On Fri Jun 8 18:25 , Albert Hopkins <[EMAIL PROTECTED]> sent:
>On Fri, 2007-06-08 at 19:01 -0500, [EMAIL PROTECTED] wrote:
>> On Fri Jun 8 16:38 , Dale [EMAIL PROTECTED]> sent:
>
>>
>> Yeah, that's me, I do exactly the same until you issue the cp command where
>> I do:
>> $>cd /mnt/oldstuff && tar cvjpf /pathtosomewhere/mystuff.tbz ./
>> and then extract to the new directory. I do this out of habit mostly and,
>> yes,
>> it is a useless step unless you want to store a copy somewhere for whatever
reason...
>>
>> --James
>
>The one thing I mentioned is that I actually pipe tar to tar (tar -c ...
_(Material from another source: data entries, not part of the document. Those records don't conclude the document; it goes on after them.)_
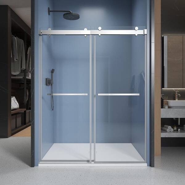 72-76 in. W x 76 in. H Soft-closing Double Sliding Frameless Shower Door in Chrome with 3/8 in. (10mm) Clear Glass
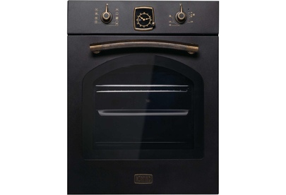 Духовой шкаф в ретро-дизайне, ширина 45 см, аналоговые часы в классическом стиле Frank Muller, таймера с функцией отключения, 9 режимов нагрева, объем духовки 45 л, телескопические направляющие на одном уровне, двухслойное остекление, каталитическая самоочистка, автоматическое отключение, в комплекте: 2 противня, хромированная решетка, цвет - черный; цвет ручек - бронза
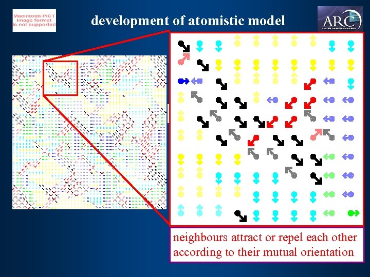 development of atomistic model [100] Linear features do neighbours attract in successive [010] persist or repel each other according to their mutual orientation layers
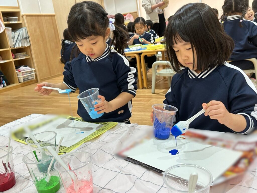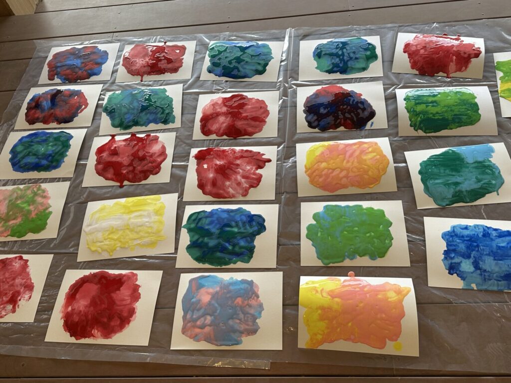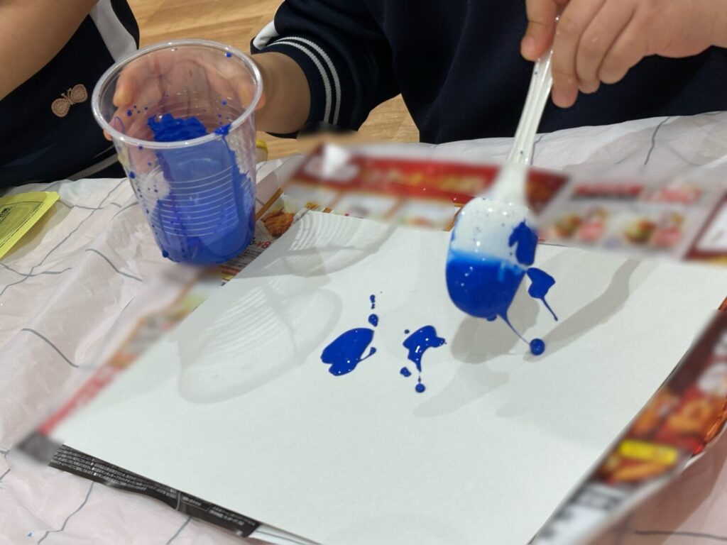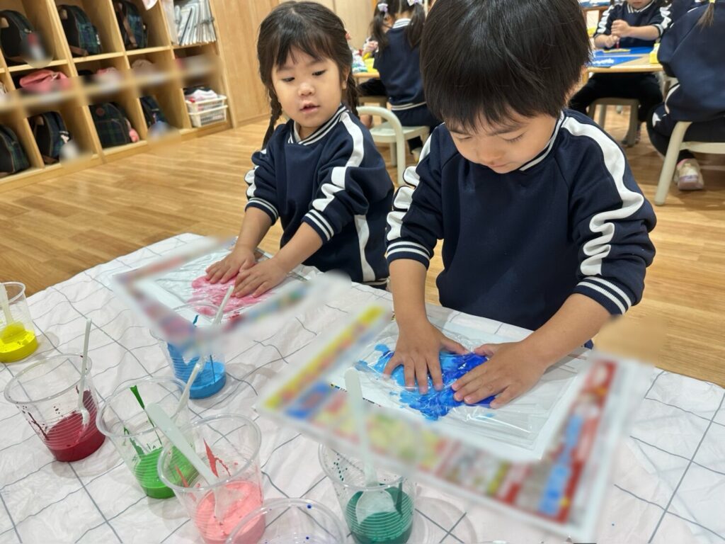 絵の具を垂らしたらビニールの上から混ぜまぜ〜🌀
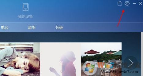 2、來到百度音樂的主頁面上來,在右側(cè)上邊找到一個(gè)小齒輪的圖標(biāo),這是系統(tǒng)設(shè)置的選項(xiàng),如圖所示:
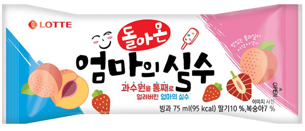 롯데제과 관계자는 "과거 제품의 콘셉트와 포장 디자인, 로고 등의 느낌을 최대한 살렸다"며 "‘돌아온 엄마의 실수’는 딸기, 복숭아 등 과육이 덩어리째 들어있어 달콤하고 상큼한 맛과 함께 씹히는 식감도 좋다"라고 말했다.
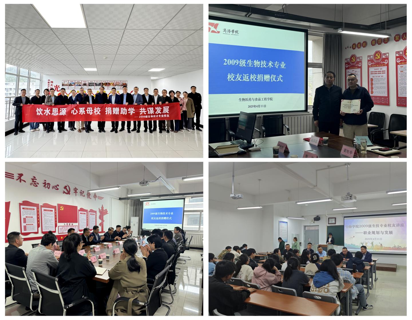 四位優(yōu)秀校友回憶了在母校的求學(xué)經(jīng)歷,對母校的培養(yǎng)和老師的辛勤付出表示感謝。他們表示,希望此次捐贈能為母校的建設(shè)和發(fā)展貢獻(xiàn)自己的一份力量,助力學(xué)弟學(xué)妹們成長成才。儀式結(jié)束后,四位校友圍繞生物技術(shù)專業(yè)發(fā)展前景、大學(xué)職業(yè)規(guī)劃與發(fā)展、專業(yè)能力提升等方面為22級生物技術(shù)專業(yè)學(xué)生作了報告,現(xiàn)場氣氛熱烈。
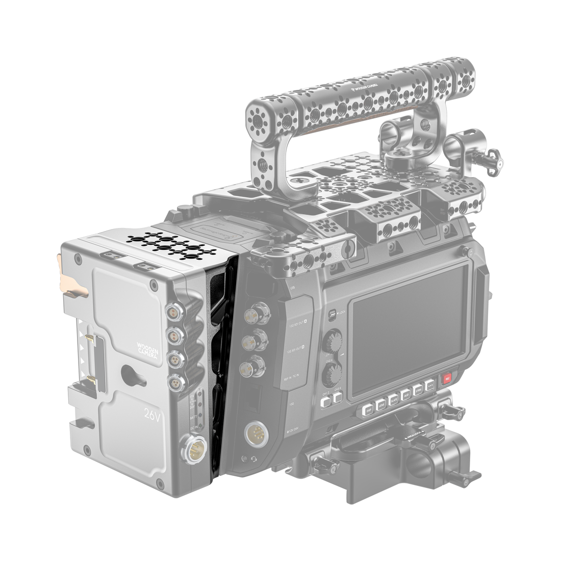 The Wedge sets the camera's battery plate perpendicular to the camera, allowing the Wooden Camera D-Box®, the Anton Bauer Gold Mount Plus Plate, and Blackmagic URSA Cine 12K/17K Battery Plates to mount additional accessories in line with your camera setup. This becomes important when the battery plates have cradles attached or other accessories that extend the camera's length towards the back.

>| tar -x ...) which seems even more useless, but as I said I'm used to
>doing some things out of habit. Then I thought about why: the '-a' flag
>is not available on all *nices... I believe it's a GNU extension. So I
>probably got used to using the tar trick on a non-GNU system and got
>used to it because it works whether I'm using Linux or not. But if
>you're on a Linux system (that has rsync installed) then rsync is
>probably the nicer option. It's got even more options than GNU's cp. I
>actually 'alias cp="rsync"' on my Gentoo systems.
Ha. This is a good day. I have to laugh at myself for not utilizing rsync
more;
for the last few years I've just been using rsync to backup/restore my /home and
key config files to my fileserver (while at home). Never even considered using
it for local operations. Nice. I have the habit, also, of using the most basic
stuff since I'm usually on all manner of UNIX{like} boxes during the day.